ChuckR JUN 12, 07:17 AM
Here is a question going through my head, has anyone looked at works best on this engine to increase compression ratio? By modern standards 9.8:1 that is stock on this engine is pretty low.

Can you deck the heads? if so how much before you need new pistons with reliefs?

Is there a domed piston that would work on this engine?

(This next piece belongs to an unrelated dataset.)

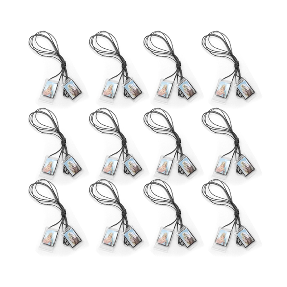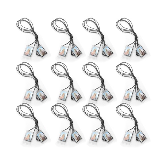 - ES149002P12 - Escapulário N. Sra. Do Carmo e Sagrado Coração de Jesus Plástico c/ Tecido 12un. - 66x1,3cm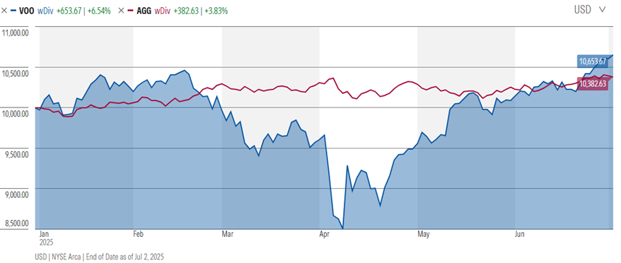The 2nd quarter began with a dramatic market selloff due to global tariff wars. U.S. stocks had dropped by ~20% after the first week in April (see chart below from February to April). However, we experienced a historically quick rebound, and stocks ended the quarter with solid gains, hitting an all-time high on June 30th. The recovery was driven by both easing trade tensions and strong corporate earnings. The chart below shows year-to-date performance of the S&P 500 index (shown in blue) and the U.S. Aggregate bond index (shown in red).

are there thinner gaskets?

This engine is designed for 87 octane, but running premium 93 pump gas in my area, 91 for some or E85 gives a lot of room for a high CR and avoiding det.
zkhennings JUN 15, 10:28 AM
Aftermarket LS1 pistons can be found in varying compression heights, and with various dishes and domes, they are the same OD as the stock pistons. An aftermarket LS1 rod or SBC rod can be found to work with this setup in varying lengths, but the crank will need to have the rod journals resized as they are slightly smaller in the LS and slightly smaller than that in the SBC. This does give you the opportunity to slightly stroke or destroke the motor if you offset how the journal is resized. It will take some research to find the correct combination that you are looking for. Seems as though the aftermarket rods and pistons will use a 0.927" floating wrist pin setup which is slightly smaller than stock. You would most likely need to cut valve reliefs in the pistons, take that into account when calculating dish/dome. I have an SBC rod and LS1 rod I bought for checking this all out, I will measure the width of the big end of the rods when I get to the garage later to confirm that they need no modification in width to work with the LZ9 crank.

Here is a stock LS1 piston in the LZ9 for fitment, no dome nor dish.

[This message has been edited by zkhennings (edited 06-15-2021).]